Cara Mengisi KK Anak Sambung Sesuai Aturan Permendagri No. 109 Tahun 2019
Mengisi KK Anak Sambung Sesuai Aturan Permendagri No. 109 Tahun 2019 penting dilakukan agar pencatatan keluarga berjalan sesuai ketentuan hukum. Anak sambung merupakan anak dari pasangan yang menikah, di mana salah satu atau kedua orang tua memiliki anak dari hubungan sebelumnya.
Selain itu, prosedur pengisian KK anak sambung berbeda dengan anak kandung biasa. Oleh karena itu, mengetahui aturan resmi Permendagri No. 109 Tahun 2019 tentang pengisian status hubungan dalam keluarga (SHDK) sangatlah penting.

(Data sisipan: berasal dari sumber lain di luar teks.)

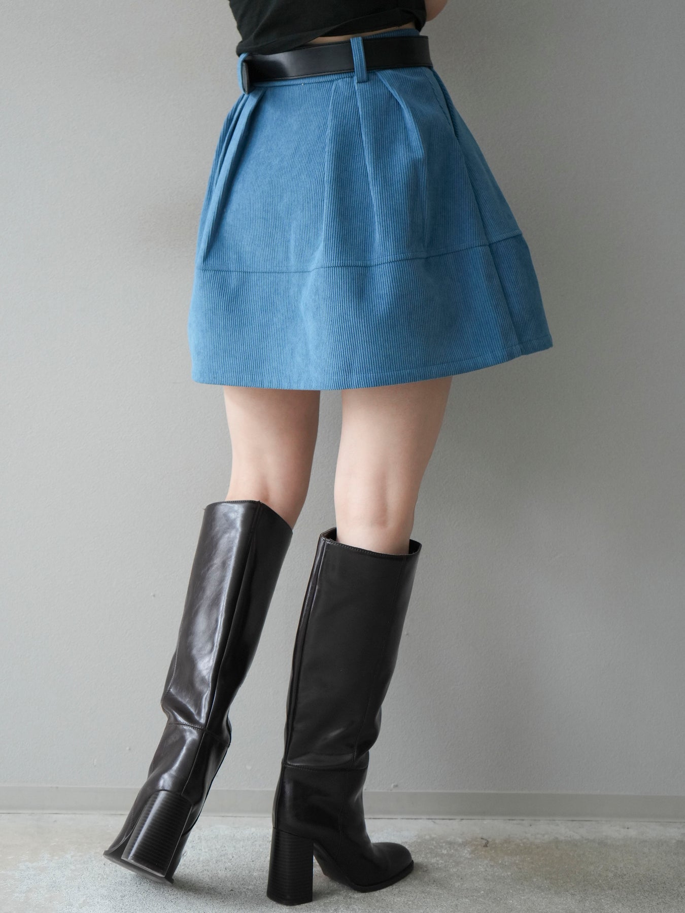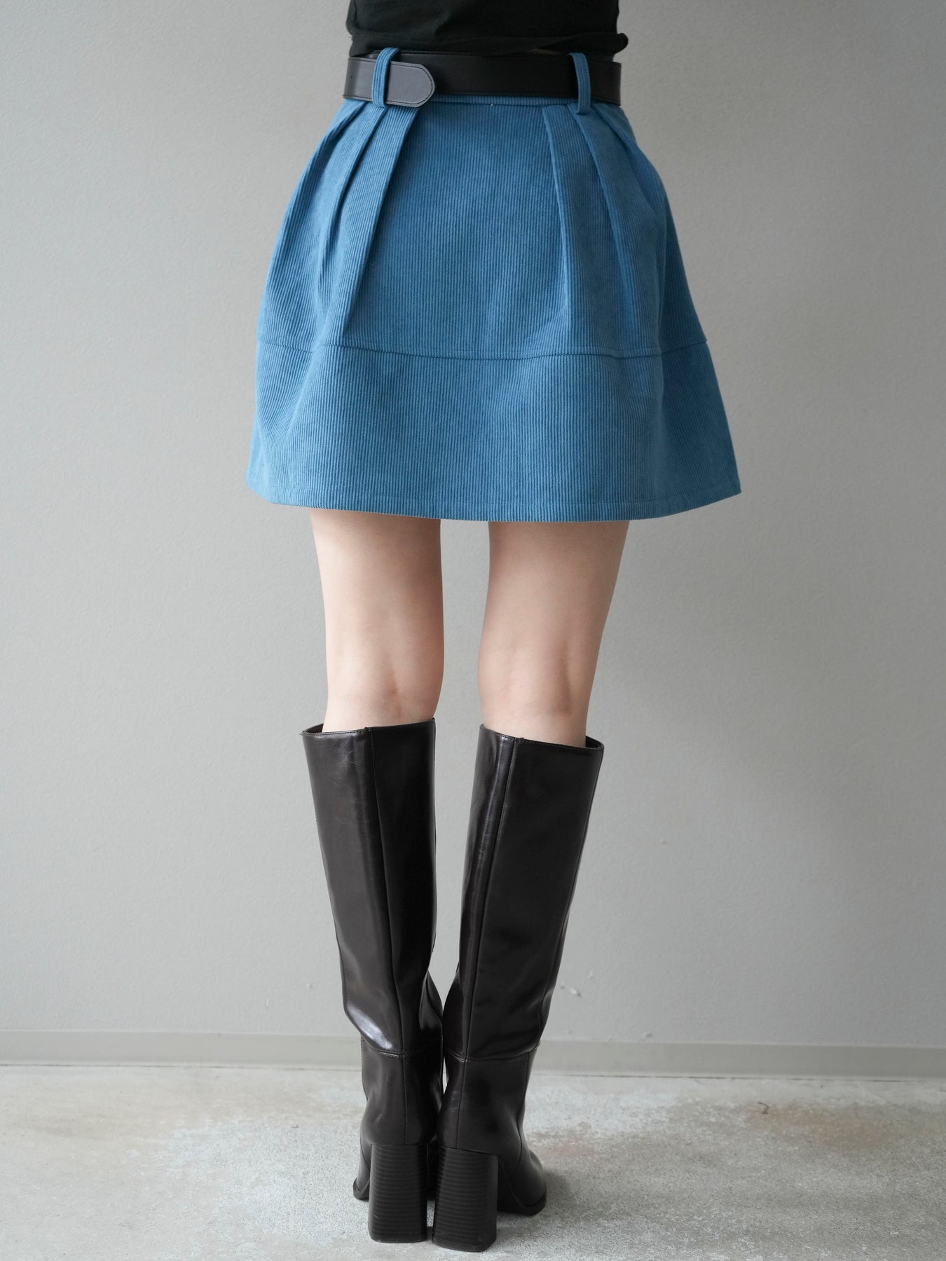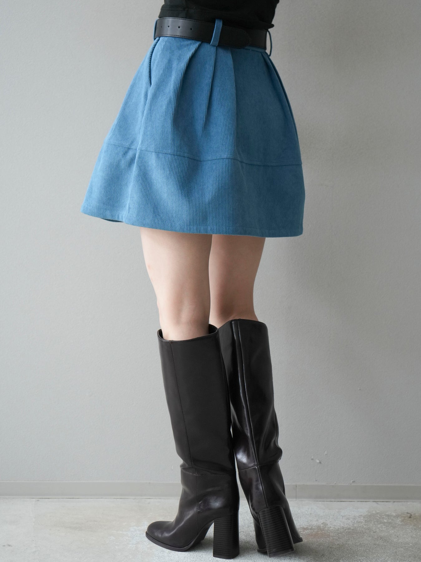 [予約]ベルト付インパンコーデュロイタックフレアスカート/blue

Ketahui cara mengisi KK anak sambung sesuai aturan Permendagri No. 109 Tahun 2019 dengan tepat. Panduan lengkap ini membantu Anda mengurus administrasi kependudukan secara benar dan mudah.
Pengertian Anak Sambung
Anak sambung adalah anak yang secara hukum bukan anak kandung kepala keluarga, namun tinggal sebagai bagian dari keluarga dalam satu KK. Biasanya, anak sambung berasal dari pernikahan terdahulu dari salah satu pasangan dalam keluarga baru ini.
Aturan Permendagri No. 109 Tahun 2019
Permendagri Nomor 109 Tahun 2019 mengatur tentang formulir dan buku yang digunakan dalam administrasi kependudukan, termasuk pengisian status hubungan dalam keluarga (SHDK) pada KK. Khususnya bagi anak sambung, aturan ini menegaskan bagaimana mencatat hubungan keluarga agar data kependudukan akurat dan sah.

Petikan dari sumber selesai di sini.